Hide table of contents

Net Promoter Score is a widely used method for determining consumer satisfaction, asking “How likely is it that you would recommend [brand] to a friend or colleague?” and the response is (usually) a number between 0 and 10. However, instead of an average, the aggregate score is a complex nonlinear function of the results. CEA has moved away from this complex function in favor of just simply taking the arithmetic mean.

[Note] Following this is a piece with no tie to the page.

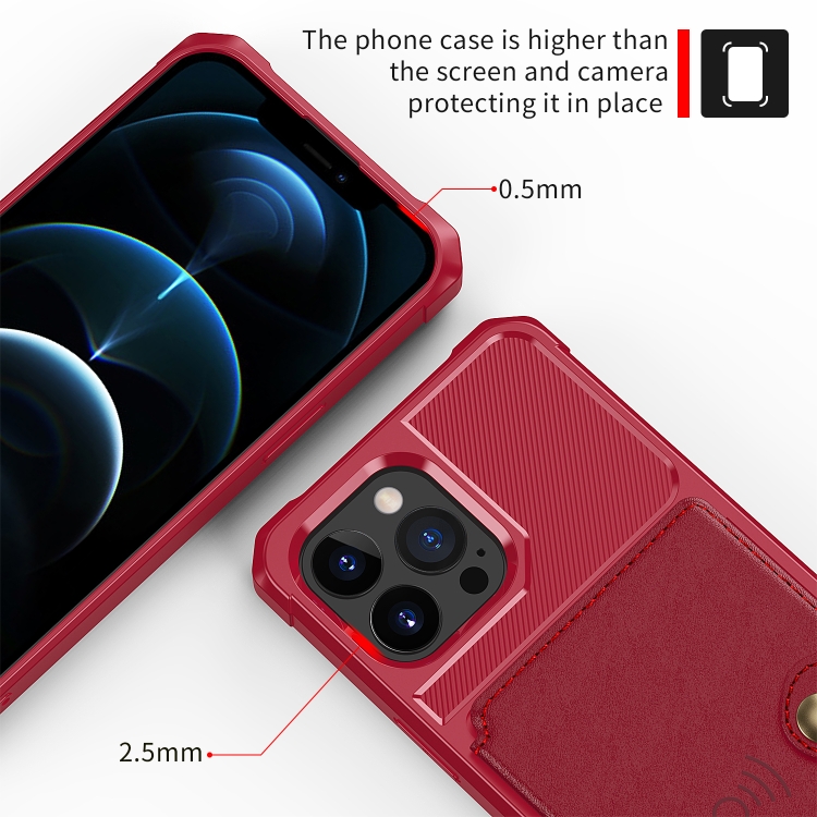 Funda de Cuero para iPhone 13 Pro con Monedero Magnético (Rojo)

Briefly, this is because the results don’t replicate, NPS is not empirically supported, it requires larger sample sizes, and it violates survey best practices.

Summary

  1. NPS is widely used, but the research has failed to replicate, even when the replication was using the originally published data set (!).
  2. Measures of satisfaction are more predictive than NPS of outcomes such as firm growth and whether the respondent actually recommends the product to others.
  3. The American Customer Satisfaction Index is an alternative which has stronger empirical grounding, as well as a huge number of publicly available benchmarks. It uses 3 questions, on a 10 point scale, whose scores are averaged and normalized to a 0-100 scale:[1]
    1. What is your overall satisfaction with X?
    2. To what extent has X met your expectations?
    3. How well did X compare with the ideal (type of offering)?
  4. CEA mostly still asks the NPS question, but switched to taking the arithmetic mean of the results. We call this the “likelihood to recommend” (LTR).[2]

More information

  1. NPS was introduced in 2003 with the claim that it was the best predictor of growth across a data set of companies. This data set was small and subject to p-hacking. The raw data has not been published (including, ironically, the pieces the author says should always be published when reporting NPS scores). The original research methodology was:

“We then obtained a purchase history for each person surveyed and asked those people to name specific instances in which they had referred someone else to the company in question… The data allowed us to determine which survey questions had the strongest statistical correlation with repeat purchases or referrals….
One question was best for most industries. “How likely is it that you would recommend [company X] to a friend or colleague?” ranked first or second in 11 of the 14 cases studies”[3]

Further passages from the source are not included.